WHAT TO WORK ON>
Word for word, transcribe every line from the one holding "هل لكما ولد؟" through the end of the records, but not the pictures.

□ □ □ □

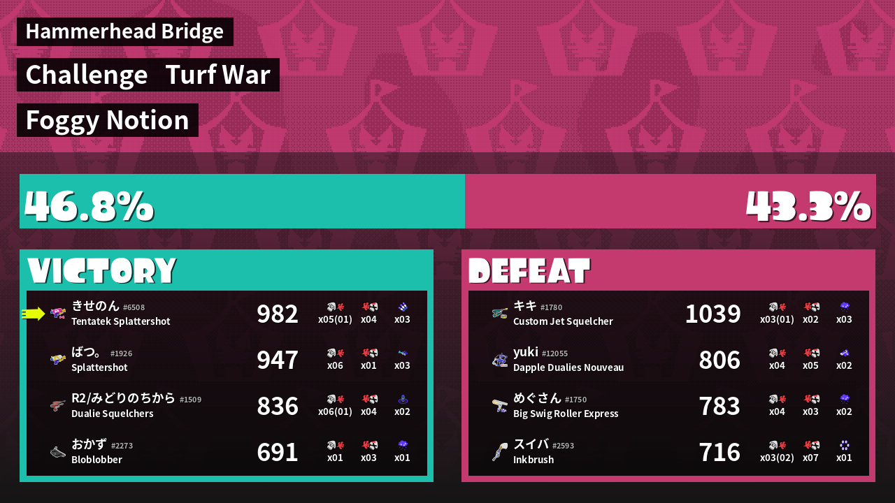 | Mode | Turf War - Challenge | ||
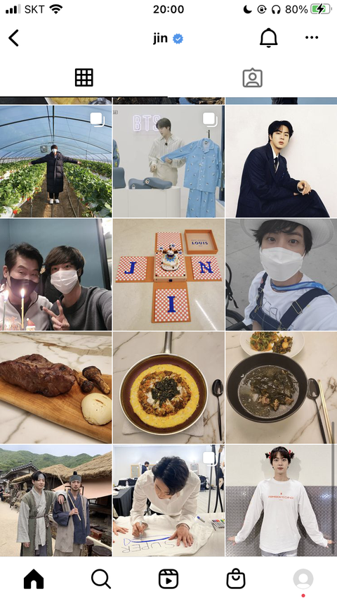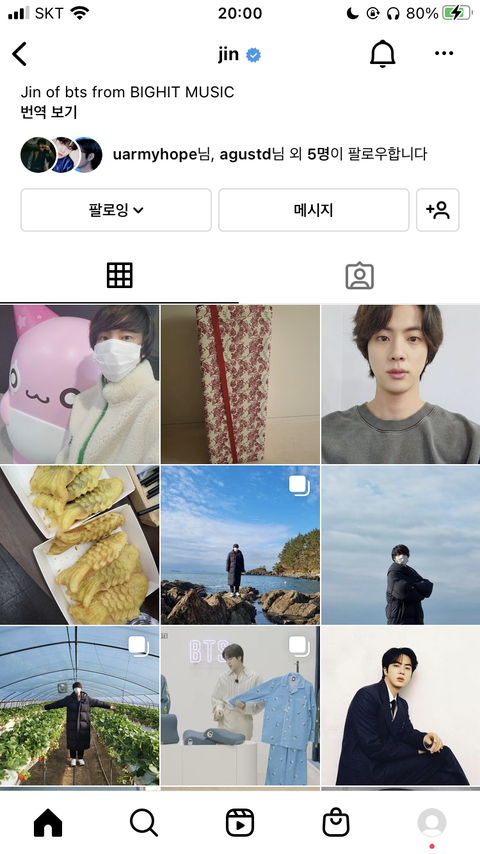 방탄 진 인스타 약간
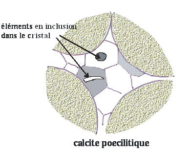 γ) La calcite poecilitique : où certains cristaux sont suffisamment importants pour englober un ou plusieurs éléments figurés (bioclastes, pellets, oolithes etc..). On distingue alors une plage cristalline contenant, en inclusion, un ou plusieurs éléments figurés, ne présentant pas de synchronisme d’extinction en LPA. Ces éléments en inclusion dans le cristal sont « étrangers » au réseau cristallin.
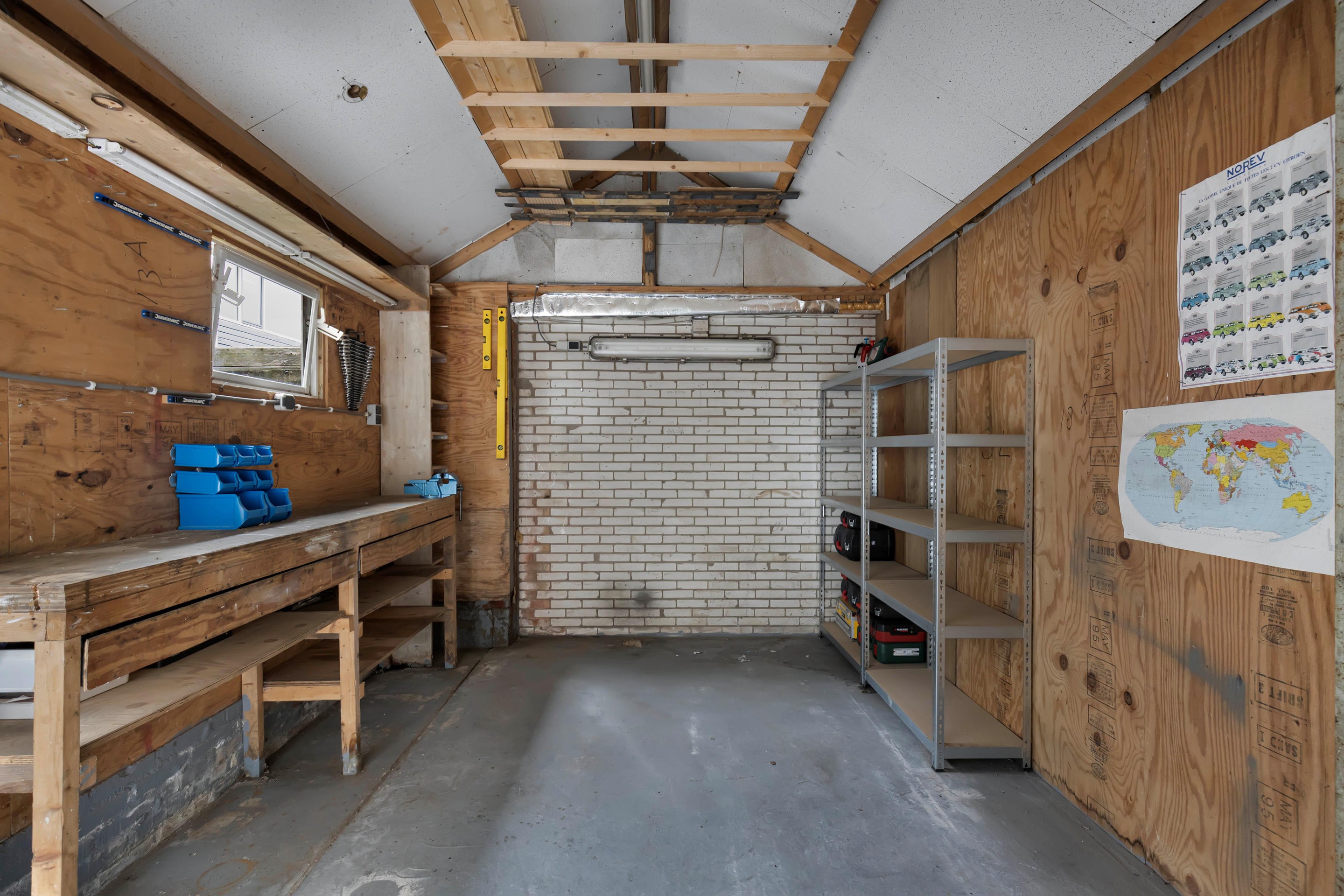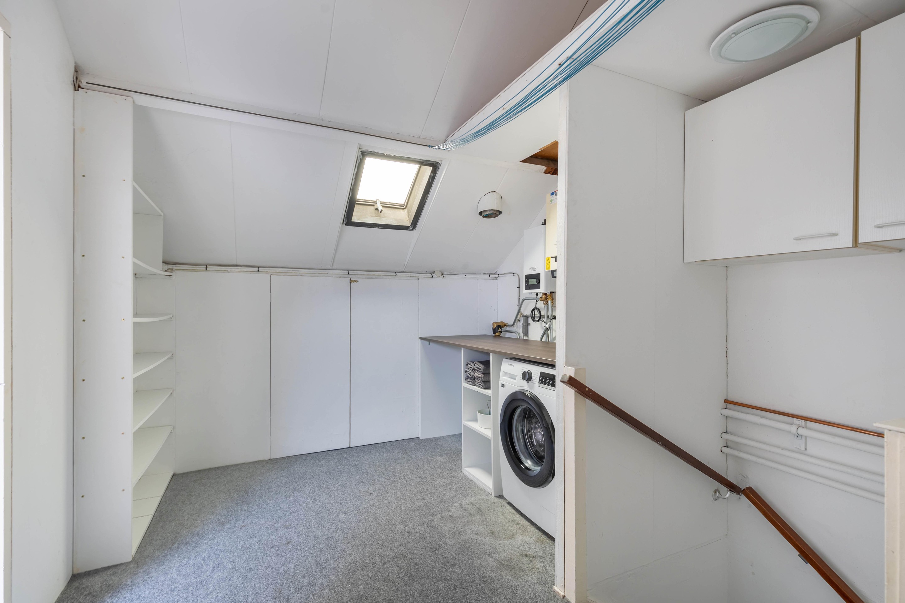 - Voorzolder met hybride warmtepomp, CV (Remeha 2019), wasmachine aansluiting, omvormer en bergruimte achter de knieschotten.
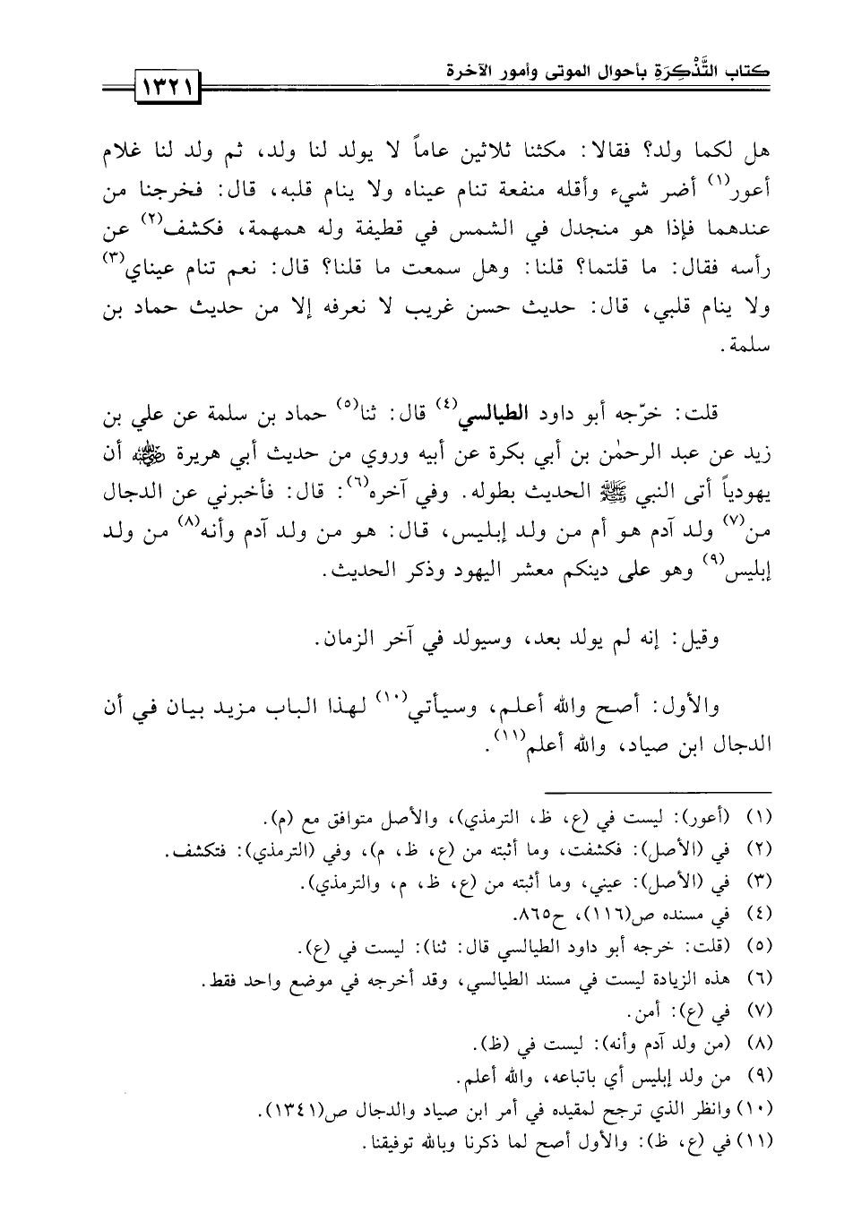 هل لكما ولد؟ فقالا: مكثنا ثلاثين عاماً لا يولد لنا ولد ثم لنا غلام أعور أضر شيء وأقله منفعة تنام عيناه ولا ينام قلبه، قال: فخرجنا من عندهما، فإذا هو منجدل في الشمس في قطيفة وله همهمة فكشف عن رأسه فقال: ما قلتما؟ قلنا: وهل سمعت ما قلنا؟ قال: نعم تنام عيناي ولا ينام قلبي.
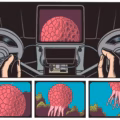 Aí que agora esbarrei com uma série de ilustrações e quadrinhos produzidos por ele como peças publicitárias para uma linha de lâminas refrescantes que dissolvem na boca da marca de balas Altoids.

□ □ □ □

PROBLEM SOLUTION>
 هل لكما ولد؟ فقالا: مكثنا ثلاثين عاماً لا يولد لنا ولد ثم لنا غلام أعور أضر شيء وأقله منفعة تنام عيناه ولا ينام قلبه، قال: فخرجنا من عندهما، فإذا هو منجدل في الشمس في قطيفة وله همهمة فكشف عن رأسه فقال: ما قلتما؟ قلنا: وهل سمعت ما قلنا؟ قال: نعم تنام عيناي ولا ينام قلبي.
 Aí que agora esbarrei com uma série de ilustrações e quadrinhos produzidos por ele como peças publicitárias para uma linha de lâminas refrescantes que dissolvem na boca da marca de balas Altoids.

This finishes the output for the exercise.